Dataset section:
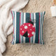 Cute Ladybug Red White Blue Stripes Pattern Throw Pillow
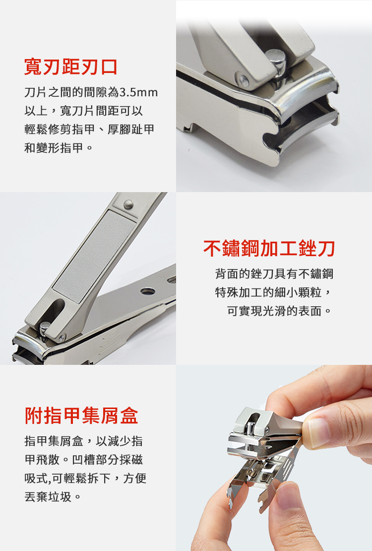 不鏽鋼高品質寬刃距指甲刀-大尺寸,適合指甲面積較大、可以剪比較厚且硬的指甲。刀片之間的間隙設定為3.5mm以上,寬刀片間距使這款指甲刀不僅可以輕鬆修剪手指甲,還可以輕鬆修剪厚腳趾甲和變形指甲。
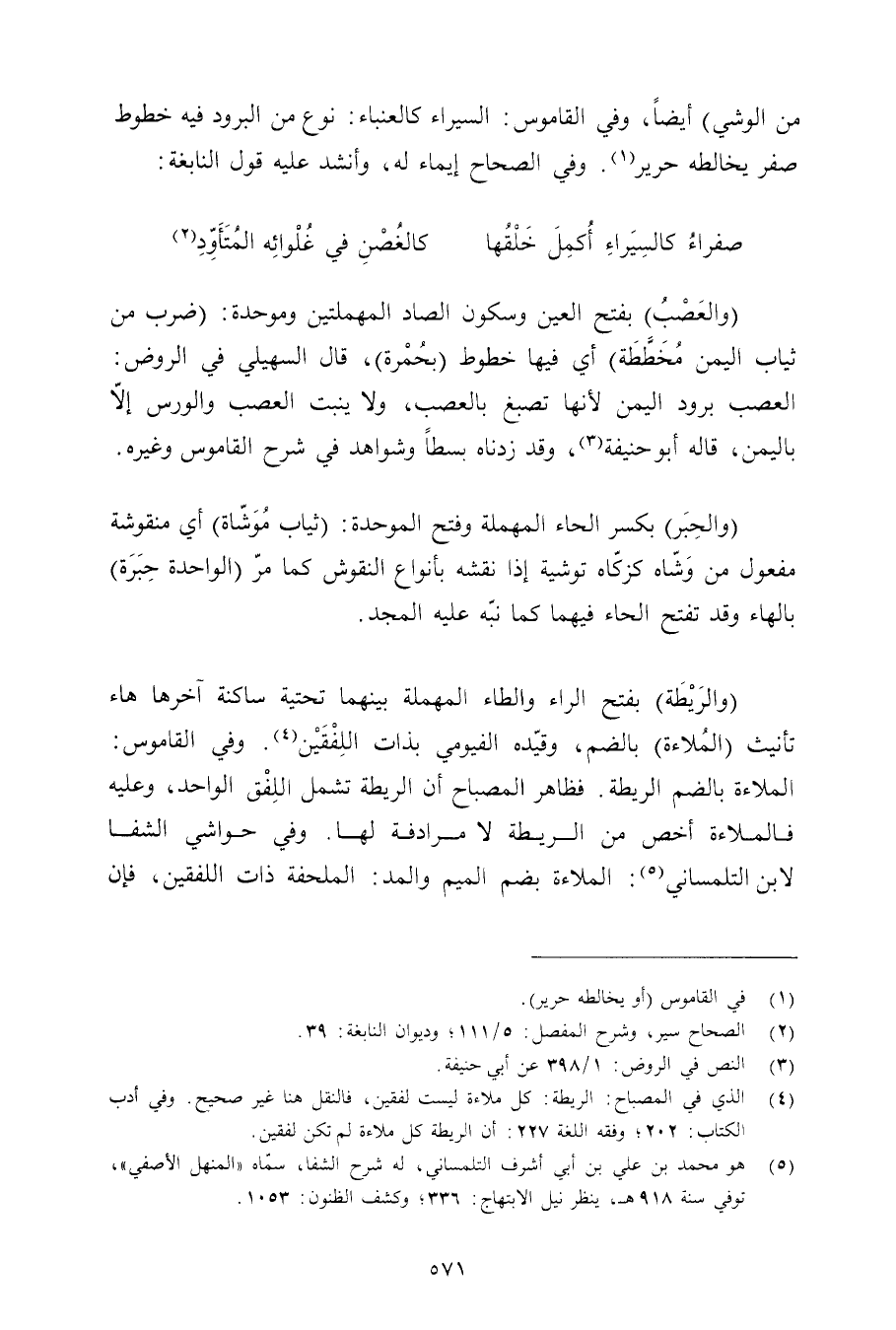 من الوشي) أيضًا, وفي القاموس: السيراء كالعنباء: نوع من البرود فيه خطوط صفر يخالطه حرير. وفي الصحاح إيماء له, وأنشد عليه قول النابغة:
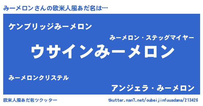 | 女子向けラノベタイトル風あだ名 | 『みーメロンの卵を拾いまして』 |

Task instructions:
The finished copy should match the data above word for word and contain no pictures.

Written response:
 Cute Ladybug Red White Blue Stripes Pattern Throw Pillow
 不鏽鋼高品質寬刃距指甲刀-大尺寸,適合指甲面積較大、可以剪比較厚且硬的指甲。刀片之間的間隙設定為3.5mm以上,寬刀片間距使這款指甲刀不僅可以輕鬆修剪手指甲,還可以輕鬆修剪厚腳趾甲和變形指甲。
 من الوشي) أيضًا, وفي القاموس: السيراء كالعنباء: نوع من البرود فيه خطوط صفر يخالطه حرير. وفي الصحاح إيماء له, وأنشد عليه قول النابغة:
 | 女子向けラノベタイトル風あだ名 | 『みーメロンの卵を拾いまして』 |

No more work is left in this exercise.